┌──

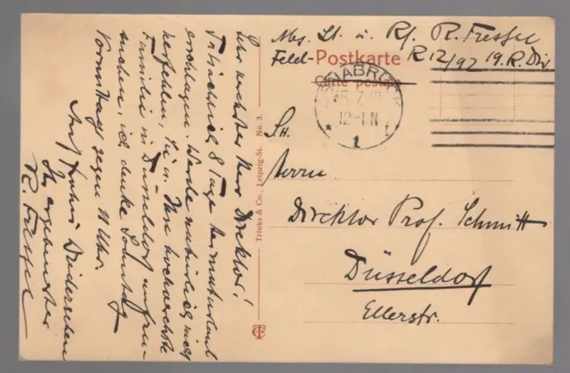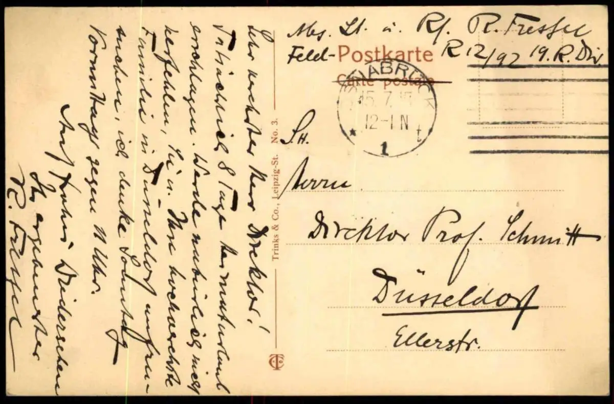 Gelaufen: 15.07.1915 als Feldpost mit Stempel Osnabrück nach DüsseldorfErhaltung (s. Scan): gut / 915830
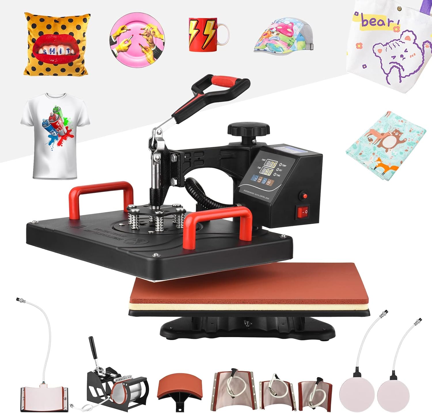 [Wide Application] Equipped with 15.5cm/ 6inch and 12.5cm/ 4.9inch plate presses, hat press, and mug presses, suitable for printing T-shirts, mugs, hats, pillows, mouse pads, bags, and more, satisfying your various DIY needs. [Adjustable Temperature and Time] Fahrenheit and Celsius degree convertible, 0-250℃/ 0-480℉ temperature adjustable, 0-999s time , with display screen for keeping track of temperature and time. [360 Degree Rotatable Design] Convenient for operation, helping direct pressure straight down and apply pressure evenly, improving the qu ty of printed patterns. [Other Details] Large heat transferring area, providing clear and beautiful printing effects; when the preset time is reached, the temperature will maintain constant; iron and aluminum construction, sturdy and durable for long-time use. Specifications: Color: Black Material: Iron + aluminum Product Size: 39 * 33 * 30cm/ 15.3 * 12.9 * 11.8inch Product Weight: 12.46kg/ 27.4lbs Note: The T-shirts, hats, plates, and mugs showed in the pictures are not included. Package List: 1 * Heat Press Machine 2 * Hat Press 4 * Mug Press 2 * Plate Press 5 * Screw 1 * Screwdriver 1 * Wrench 2 * Replacement Part 1 * Plug 1 * Pair of Gloves
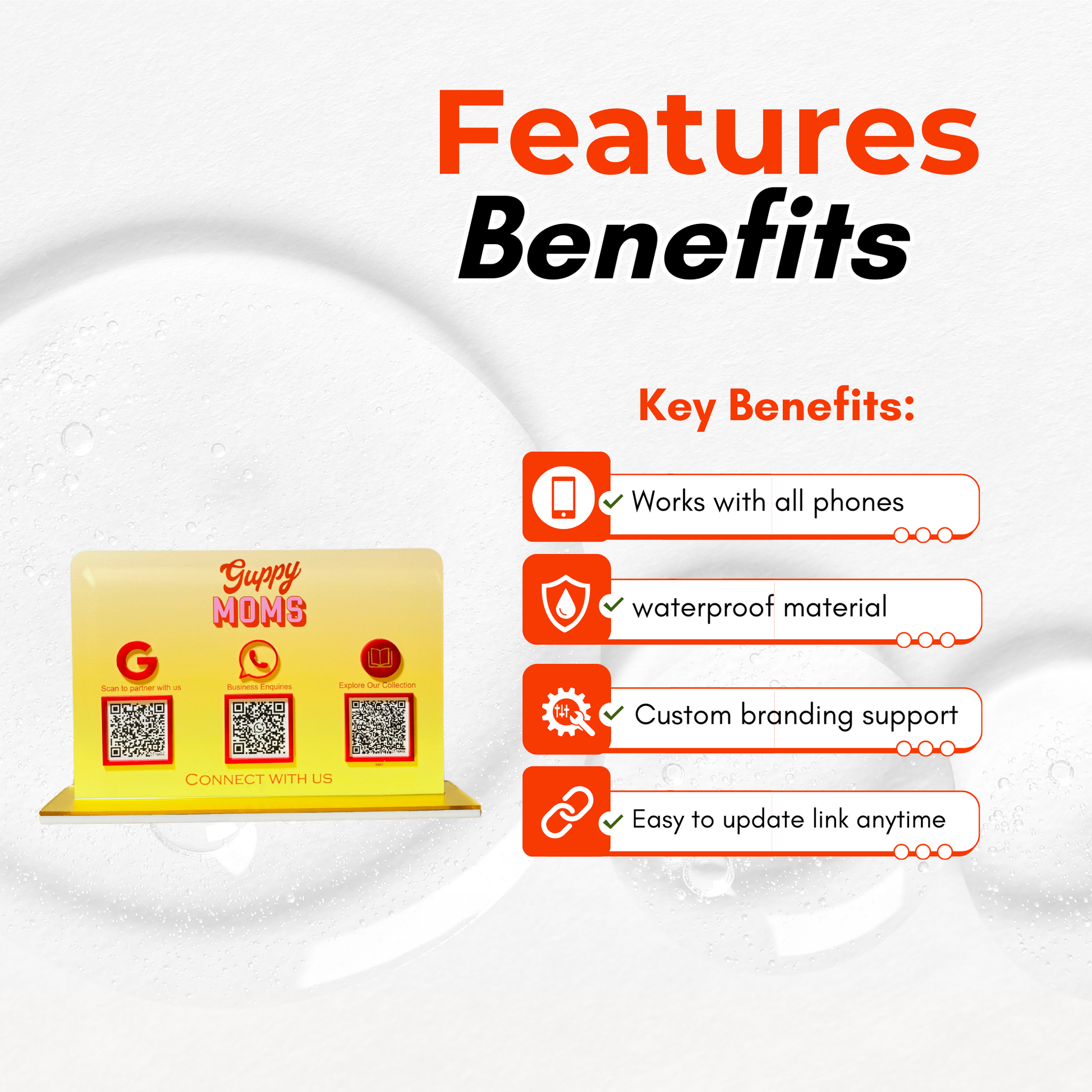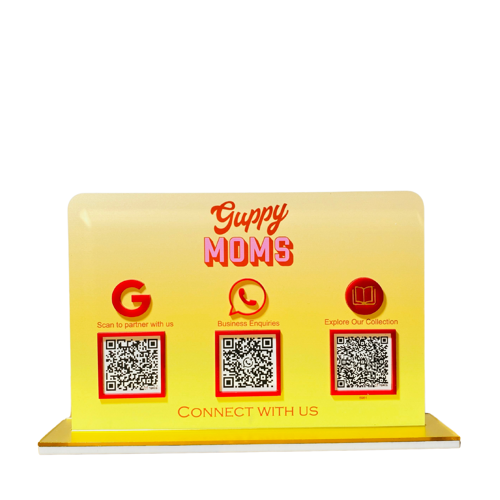 – This compact, adjustable Quick Response acrylic stand is made of high-quality gold and white acrylic sheet and has a striking design that allows it to be put anywhere. A quick scan of this QR code stand will take your customers to your page in an instant.

└──

**ACTION ITEM**
Write out an exact copy of the lines beginning at the line that contains "[Wide Application] Equipped" and ending at the last line of the listing. Exclude pictures.

**WORKED SOLUTION**
 [Wide Application] Equipped with 15.5cm/ 6inch and 12.5cm/ 4.9inch plate presses, hat press, and mug presses, suitable for printing T-shirts, mugs, hats, pillows, mouse pads, bags, and more, satisfying your various DIY needs. [Adjustable Temperature and Time] Fahrenheit and Celsius degree convertible, 0-250℃/ 0-480℉ temperature adjustable, 0-999s time , with display screen for keeping track of temperature and time. [360 Degree Rotatable Design] Convenient for operation, helping direct pressure straight down and apply pressure evenly, improving the qu ty of printed patterns. [Other Details] Large heat transferring area, providing clear and beautiful printing effects; when the preset time is reached, the temperature will maintain constant; iron and aluminum construction, sturdy and durable for long-time use. Specifications: Color: Black Material: Iron + aluminum Product Size: 39 * 33 * 30cm/ 15.3 * 12.9 * 11.8inch Product Weight: 12.46kg/ 27.4lbs Note: The T-shirts, hats, plates, and mugs showed in the pictures are not included. Package List: 1 * Heat Press Machine 2 * Hat Press 4 * Mug Press 2 * Plate Press 5 * Screw 1 * Screwdriver 1 * Wrench 2 * Replacement Part 1 * Plug 1 * Pair of Gloves
 – This compact, adjustable Quick Response acrylic stand is made of high-quality gold and white acrylic sheet and has a striking design that allows it to be put anywhere. A quick scan of this QR code stand will take your customers to your page in an instant.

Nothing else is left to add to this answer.